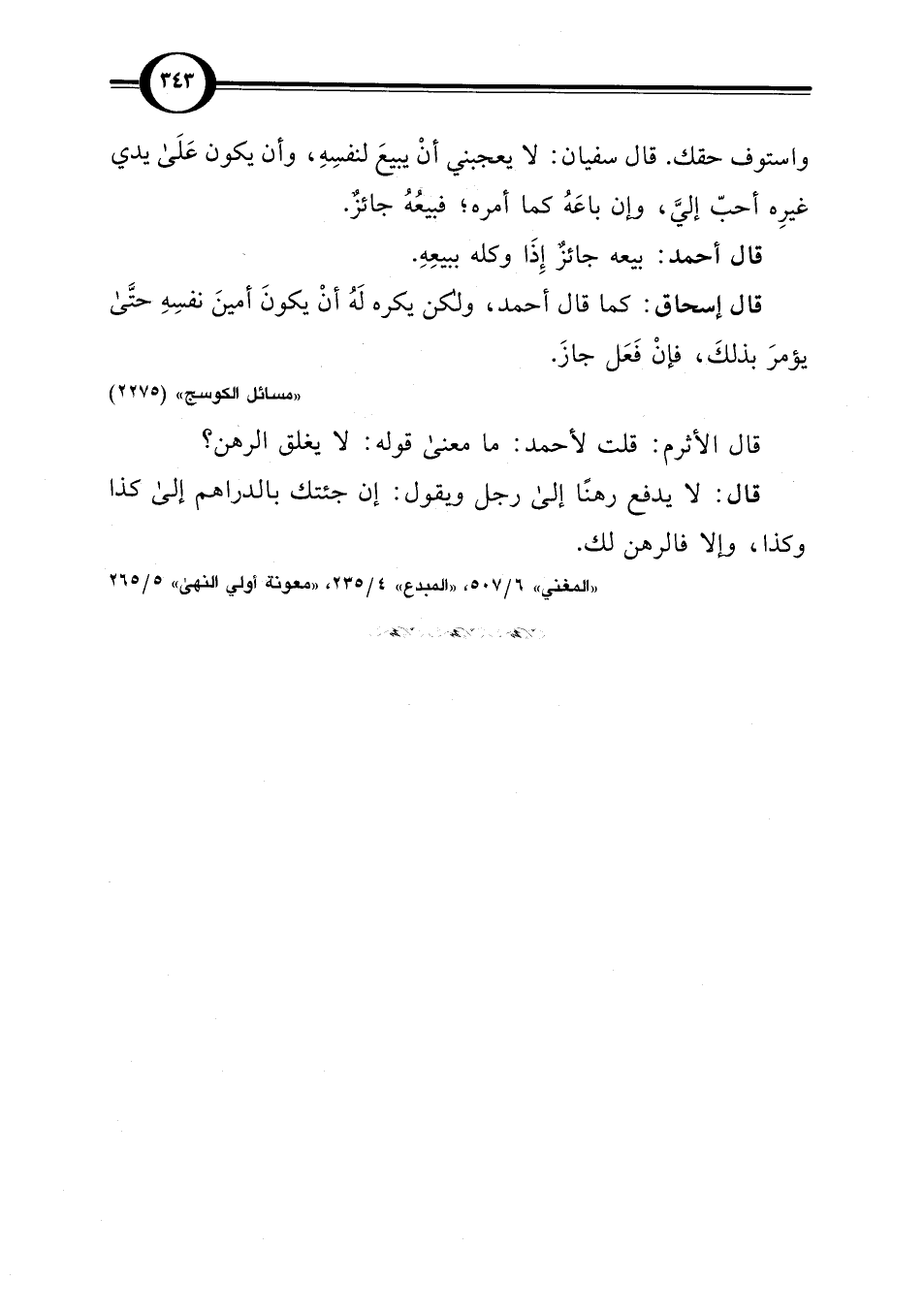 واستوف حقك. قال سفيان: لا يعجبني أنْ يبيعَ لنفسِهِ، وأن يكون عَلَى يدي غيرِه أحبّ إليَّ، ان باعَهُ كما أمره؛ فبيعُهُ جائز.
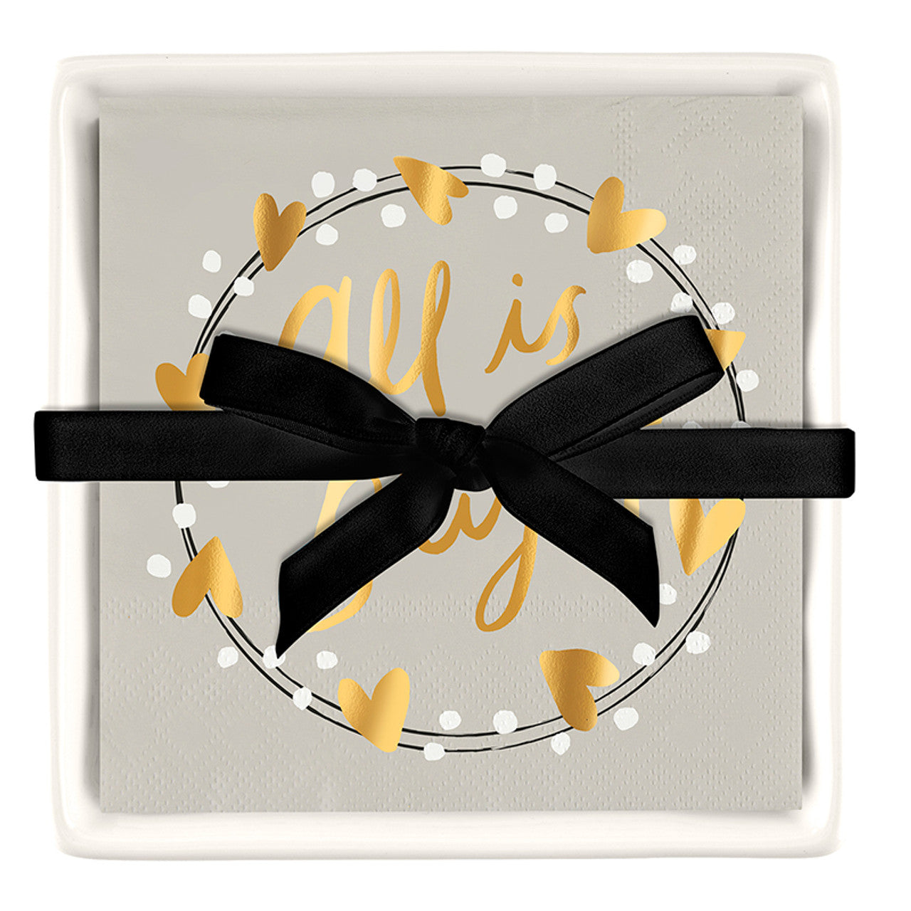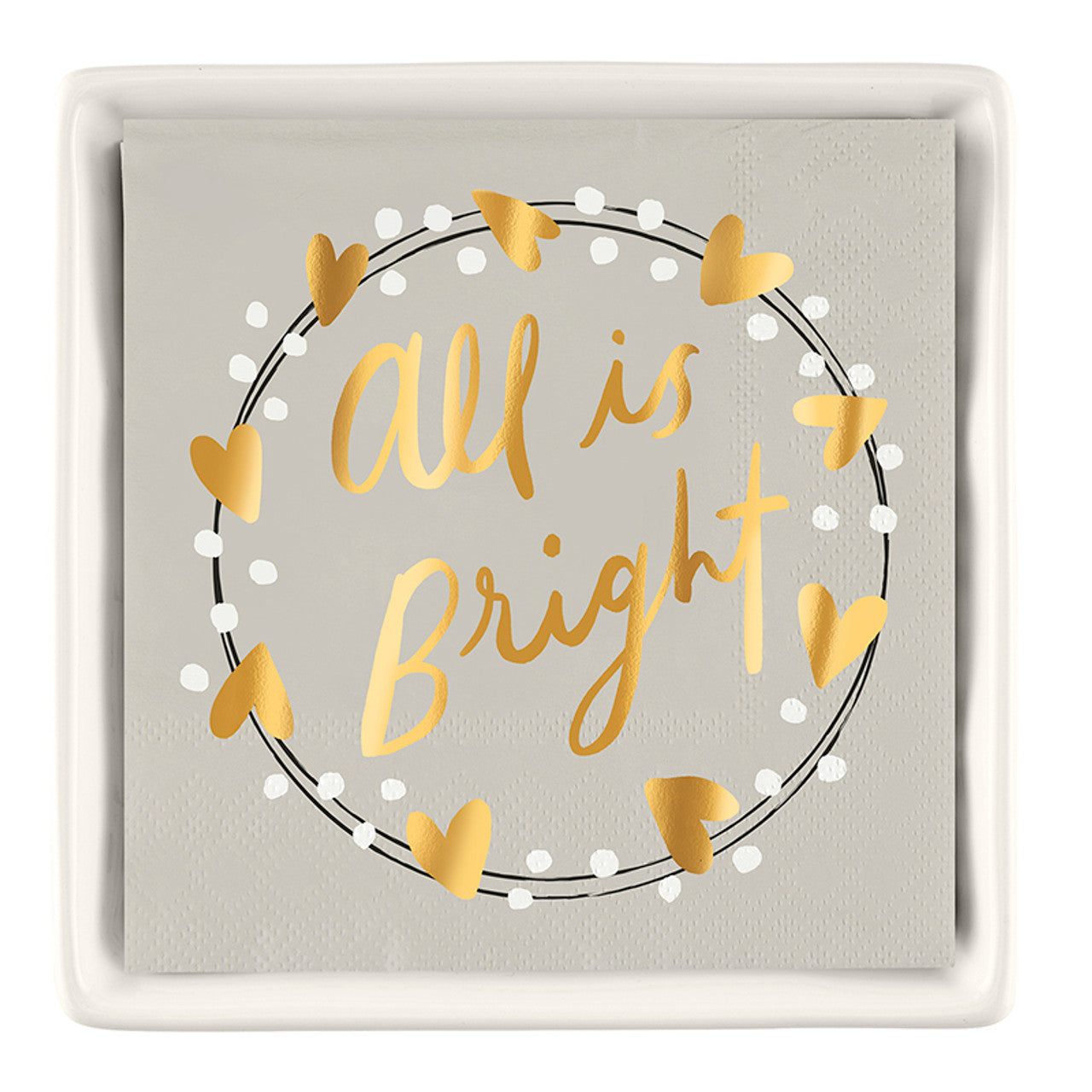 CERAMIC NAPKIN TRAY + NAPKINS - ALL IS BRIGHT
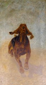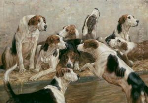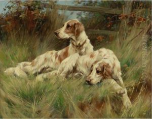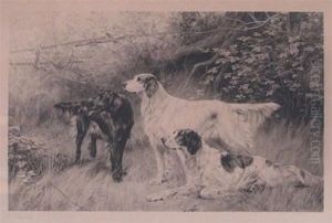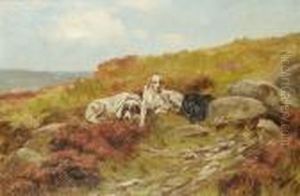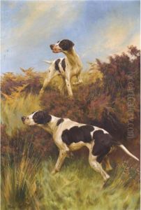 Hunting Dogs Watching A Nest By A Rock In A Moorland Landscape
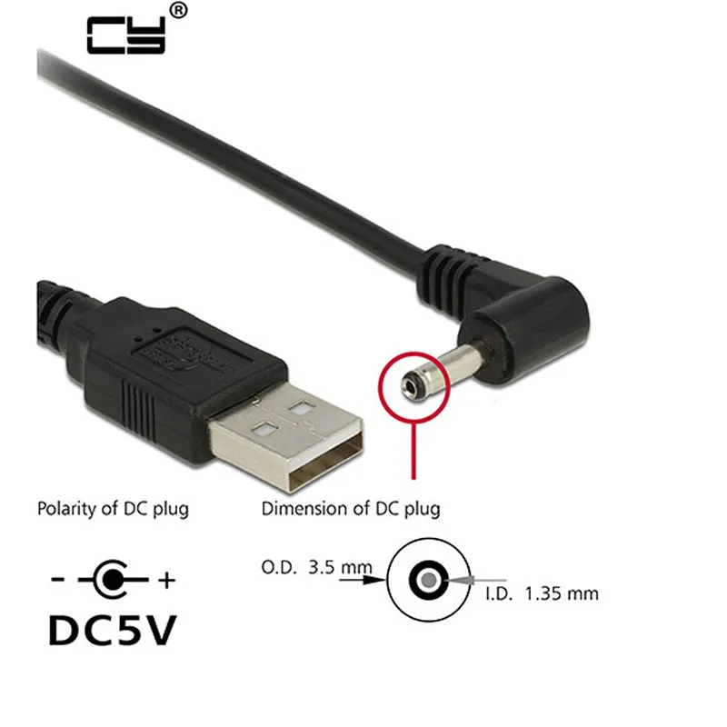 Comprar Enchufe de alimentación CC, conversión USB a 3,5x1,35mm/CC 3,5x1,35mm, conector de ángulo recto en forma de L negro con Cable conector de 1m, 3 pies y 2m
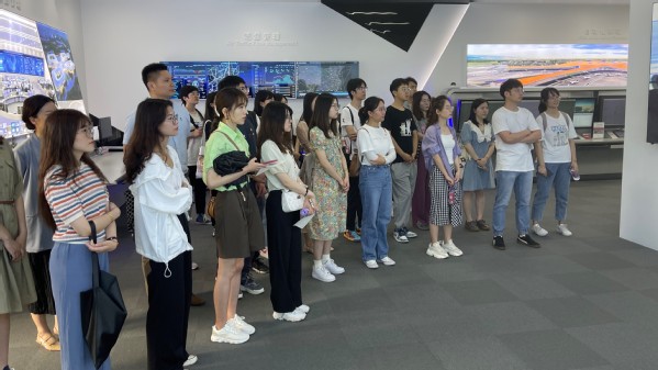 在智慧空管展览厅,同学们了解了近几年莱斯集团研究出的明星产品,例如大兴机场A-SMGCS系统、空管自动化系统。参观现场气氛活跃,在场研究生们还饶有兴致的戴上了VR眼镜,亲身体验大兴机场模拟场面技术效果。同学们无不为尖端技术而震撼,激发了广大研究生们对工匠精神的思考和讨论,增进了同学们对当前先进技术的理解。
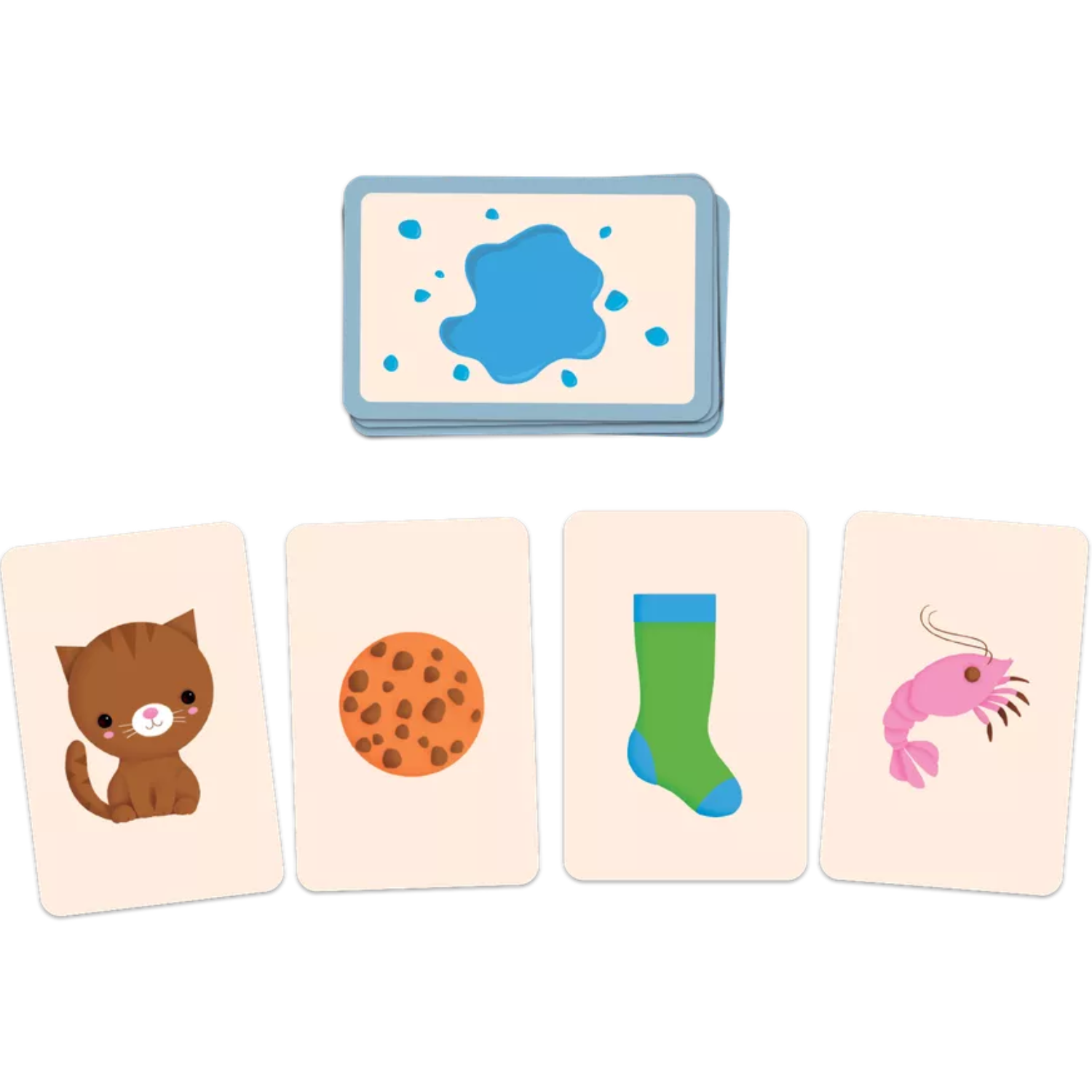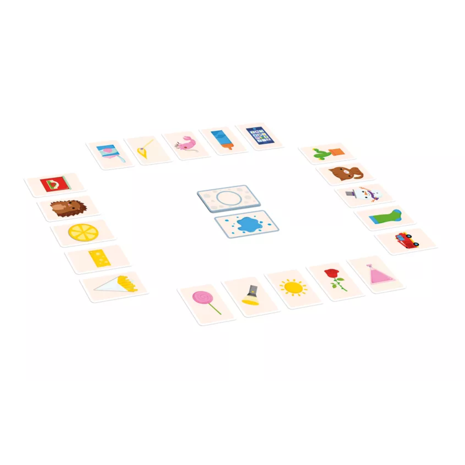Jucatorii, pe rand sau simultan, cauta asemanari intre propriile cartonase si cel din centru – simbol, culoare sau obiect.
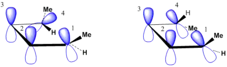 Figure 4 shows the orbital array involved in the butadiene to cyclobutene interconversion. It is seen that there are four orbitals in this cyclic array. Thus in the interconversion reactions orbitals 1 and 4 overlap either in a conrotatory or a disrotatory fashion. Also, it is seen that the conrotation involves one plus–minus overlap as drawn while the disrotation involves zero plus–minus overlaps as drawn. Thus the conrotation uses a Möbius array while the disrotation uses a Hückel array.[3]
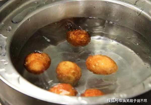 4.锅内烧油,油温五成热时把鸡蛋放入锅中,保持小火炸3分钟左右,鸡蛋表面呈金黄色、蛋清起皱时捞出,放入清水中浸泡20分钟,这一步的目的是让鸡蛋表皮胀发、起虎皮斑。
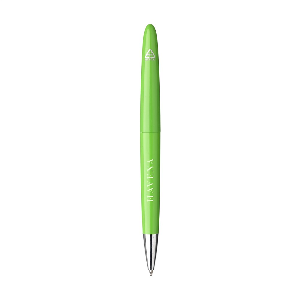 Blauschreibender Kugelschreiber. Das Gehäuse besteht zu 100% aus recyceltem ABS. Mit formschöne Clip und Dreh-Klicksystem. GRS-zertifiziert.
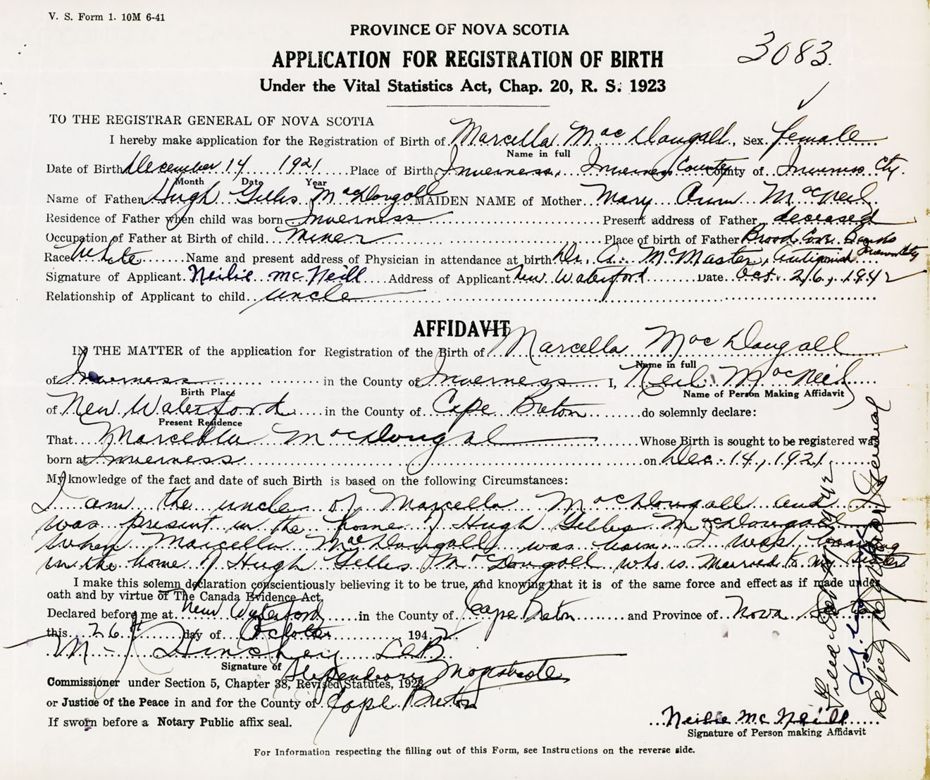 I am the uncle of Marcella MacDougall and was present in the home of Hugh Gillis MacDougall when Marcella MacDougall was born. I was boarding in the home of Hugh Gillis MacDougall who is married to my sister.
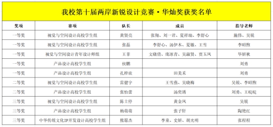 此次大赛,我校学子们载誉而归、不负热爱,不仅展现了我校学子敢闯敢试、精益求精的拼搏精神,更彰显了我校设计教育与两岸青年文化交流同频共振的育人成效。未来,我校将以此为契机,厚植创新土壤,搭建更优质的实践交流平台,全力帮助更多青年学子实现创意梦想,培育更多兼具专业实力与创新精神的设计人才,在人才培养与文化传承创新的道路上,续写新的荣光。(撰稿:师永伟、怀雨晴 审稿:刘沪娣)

WHAT THE EXERCISE ASKS
Only the lines between the one with "在智慧空管展览厅,同学们了解" and the one with "Jucatorii, pe rand", those two included, get copied from the material above. Keep it exact and free of pictures.

YOUR SOLUTION
 在智慧空管展览厅,同学们了解了近几年莱斯集团研究出的明星产品,例如大兴机场A-SMGCS系统、空管自动化系统。参观现场气氛活跃,在场研究生们还饶有兴致的戴上了VR眼镜,亲身体验大兴机场模拟场面技术效果。同学们无不为尖端技术而震撼,激发了广大研究生们对工匠精神的思考和讨论,增进了同学们对当前先进技术的理解。
Jucatorii, pe rand sau simultan, cauta asemanari intre propriile cartonase si cel din centru – simbol, culoare sau obiect.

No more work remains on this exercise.